Tim Enthoven
Behind Closed Doors
One reviewer referred to Enthoven’s breakthrough book as ‘slightly autistic’ and it is not hard to see why. With its very precise drawings, Binnenskamers (Behind Closed Doors) depicts a period in the life of artist Tim, who works, eats, goes to the loo, showers, sleeps and occasionally meets another person, preferably a girl.
The frames that fill a typical comic book are transformed here into glass rooms that float across the space of the page, capsules that allow curious passers by to peer in at Tim’s life. You might call that life lonely, but interviews with Tim Enthoven reveal that he enjoys long days of work best of all, when he can draw in isolation from early in the morning until late at night. The rigour that Enthoven imposes on himself also affects the design of his work.
Binnenskamers is a book in a large format with sturdy paper, in which Tim’s monastic existence is depicted in sharp black lines. He usually heads outside only to go to the Chinese takeaway and he has sex with a girl on one occasion, graciously shading her skin in pink. This relationship is not, however, cause for optimism: one of his drawings shows the girl devouring Tim, just as Saturn ate his son – an image that is familiar from the work of Francisco Goya.

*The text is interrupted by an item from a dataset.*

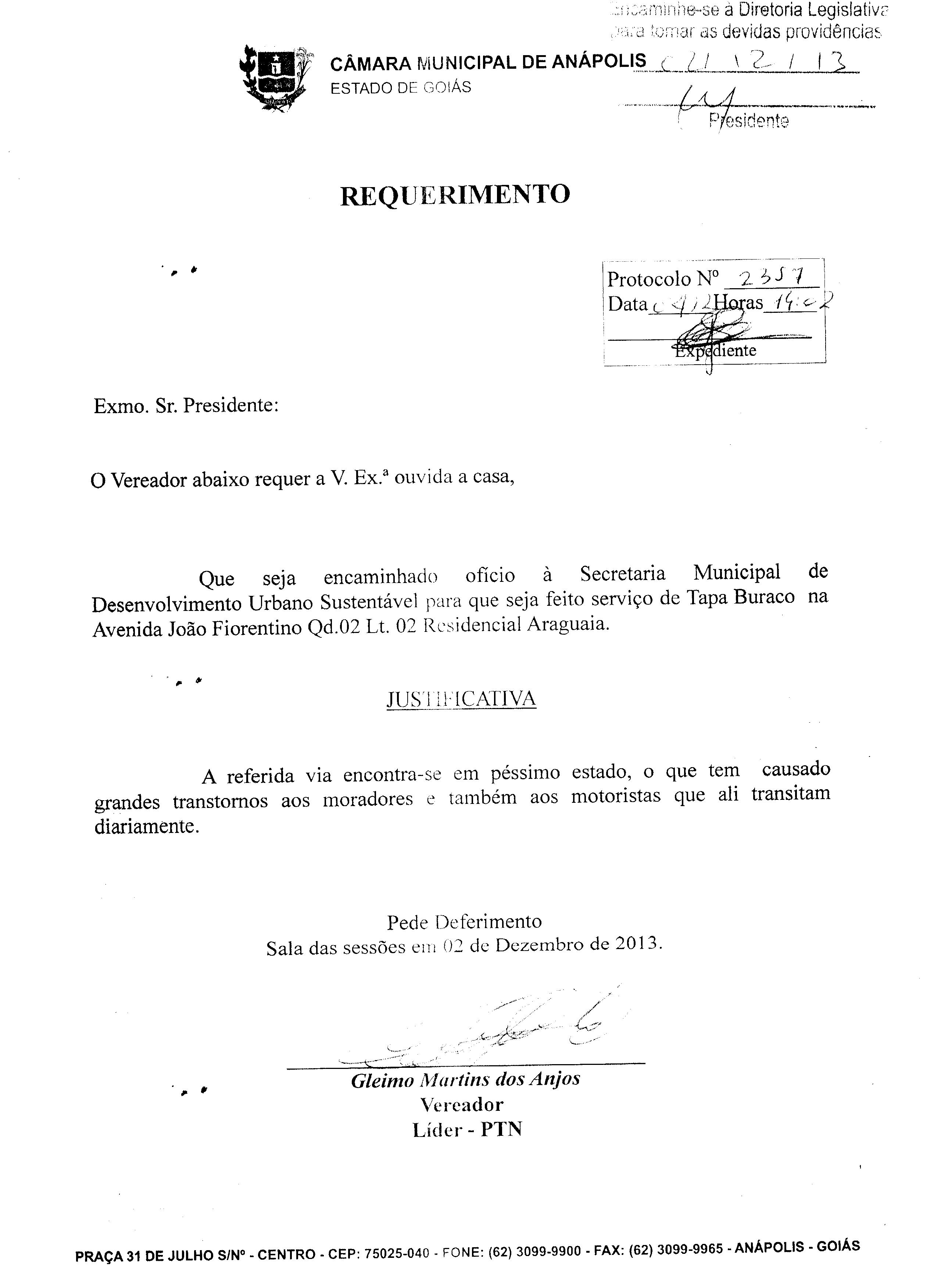 REQ 2396/2013 - Requerimento

Taking inspiration from the classics, rather than other comic strips, is a typical feature of Enthoven’s work. He finds his influences in great figures such as author Knut Hamsun, a master when it comes to describing loneliness, and Albrecht Dürer, for his graphic precision. What is most striking about this young comic-book creator is his originality. His autobiographical exhibition The Tiny Tim, the Early Years of Tim Enthoven 1994-2003 proved that he is able to create extraordinary narratives in three dimensions as well as on paper. Enthoven forced viewers onto their knees to look back with him at his younger self: in one of the black boxes he depicted a line of children holding up their arms so that you can pass underneath – just as Enthoven himself once did.